KWANTEN: Yeah, it keeps building and building. I’m not one to surmise. I think that the first season, people were almost-not ashamed to watch it-but they were watching it in private, by themselves. Once people started finding out like, “Wait, you’re watching it as well?” then they just started talking about it. And by the beginning of the second season when our ratings jumped exponentially, people began to start embracing that dark side together, and it made it more mainstream, communal, to the point where it’s like, “Oh, yeah, yeah, yeah come on over. We love that show too!” But it was all based out of people discovering it singularly.

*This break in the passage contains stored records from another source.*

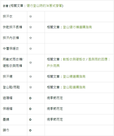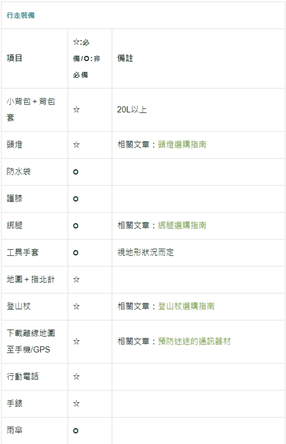 雖然標準健行(或是登山)裝備在網路上一下就查到了,不過在這邊還是稍微告知一下各位:
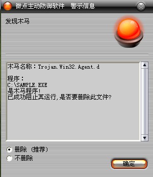 如果您已经将微点主动防御软件升级到最新版本,微点将报警提示您发现木马"Trojan.Win32.Agent.d”,请直接选择删除(如图2)。
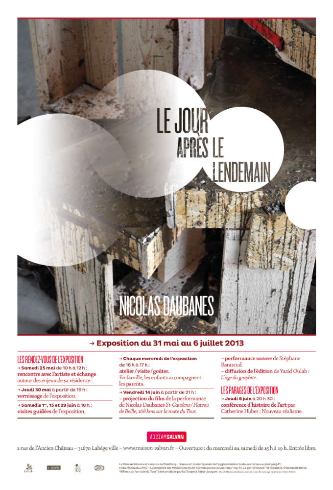 1. Nicolas Daubanes, carton d’invitation “Le jour après le lendemain”. 15×21 cm, 2 pages, impression offset.
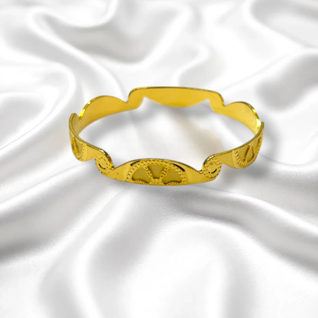 Inspired by traditional hand fans, this unique carving creates rhythm and dimension in gold.
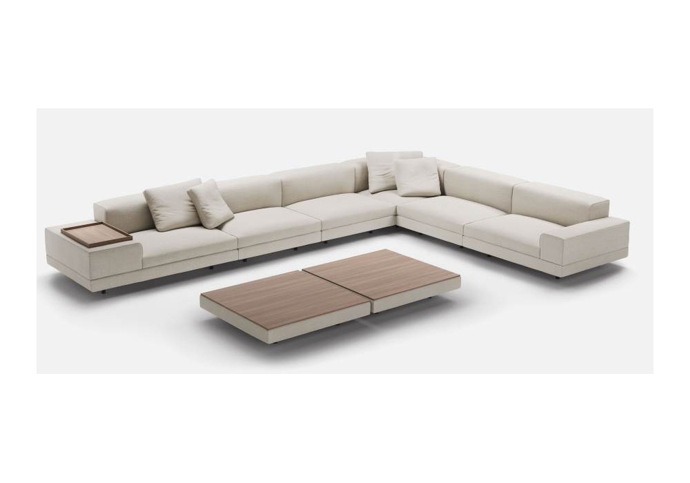 Lorentz conçu par David Lopez Quincoces pour Living Divani est un canapé modulable avec une structure portante en contreplaqué de peuplier, sapin massif en nid d'abeille. La base est dotée d'un panneau sous le siège inséré, peint en noir, avec des pieds en aluminium peint en noir, avec un embout réglable en PVC. Le rembourrage est en polyuréthane expansé recouvert d'une housse en 100% polyéther couplée à un support en velours polyamide thermofixé. Les dossiers, accoudoirs et coussins d'assise sont réalisés avec un rembourrage en mousse de polyuréthane à densités différenciées et un matelas en duvet d'oie lavé et stérilisé enfermé dans des secteurs séparés. Le revêtement est en cuir ou en tissu, déhoussable via zips et velcro.

FANG: Did it take a while to get comfortable with the nudity? Is that secondhand now?
KWANTEN: I’m not quite always comfortable with it, although I always know I’m in very capable hands with [creator] Alan Ball and company. It’s not like our writers are ever exploitive.
FANG: What can you discuss about director Joe Lynch’s KNIGHTS OF BADASSDOM?
KWANTEN: Joe was f**king amazing. He’s one of the coolest guys I’ll ever meet. The story of my character in the beginning of the film is that, he finds out the love of his life has been cheating on him, so he goes back home to his flatmates, played by Steve Zahn and Peter Dinklage, who kidnap him, for lack of a better word. They take him to a local larping game-live action role playing. Things start getting a little weird with the game, traces of blood… and then it suddenly goes from a very comical sort of film into more of a horror world. It dances that fine line between horror and comedy. You have blood, gore and out and out shock value. I’m very excited to see how that one turns out. We are hoping to release it at Comic-Con next year, which would be a superb launching pad.
FANG: Are there a lot of neat demon FX in the movie?
KWANTEN: Yeah, we used the guys from Spectral Motion [HELLBOY 2, BLADE: TRINITY]]. Joe called in a favor from Guillermo del Toro to get them. That was great too, not having to deal with a bunch of CGI stuff, which was better for us as actors to be able to act with live creatures, like the 14-foot beast I’m up against called Abominog. It’s crazy.
FANG: What are your career goals at this stage?
KWANTEN: I’m actually well beyond where I thought I’d be at this point, so if I get struck by lightning when I walk outside of this building, I’d die a happy man right now. But I’m just continuing to push the creative boundary; I’m playing Charles Manson in a new film called THE FAMILY, I’m doing a romantic comedy next year, another one in South Africa for [director] Bruce Beresford…

FANG: Who is the Manson movie for?
KWANTEN: That’s for Scott Kosar, who wrote THE MACHINIST and THE TEXAS CHAINSAW MASSACRE remake.
FANG: He’s directing it and writing it?
KWANTEN: Yeah.
FANG: What’s the angle? It’s been told so many times.
KWANTEN: Yeah, but it hasn’t been told overly well, for lack of a better phrase. We really want to try to humanize the victims. The little that we do know about Manson has been amplified; we’re starting to find out a lot more than we actually did at first. Scott’s done an abundance of research already, and I’m well on my way to following him. I realize there’s a lot more to the madness of Manson than meets the eye, and there’s a reason why he had so many followers, and why they’d do anything for him.
FANG: You’re going to be visiting some pretty dark places on that one. Are you looking forward to that? Nervous at all?
KWANTEN: I go into every project with a sense of a little bit of nervousness because you care about it, so there’s that air of trepidation. This is a real-life iconic figure that you have to bring to life and do it with authenticity and believability.
FANG: Would you sit down with the maniac himself for research, if given the opportunity?
KWANTEN: Sure. I’m a masochist of a different sort [Laughs]. It would be sort of like Clarice Starling going to visit Hannibal Lecter!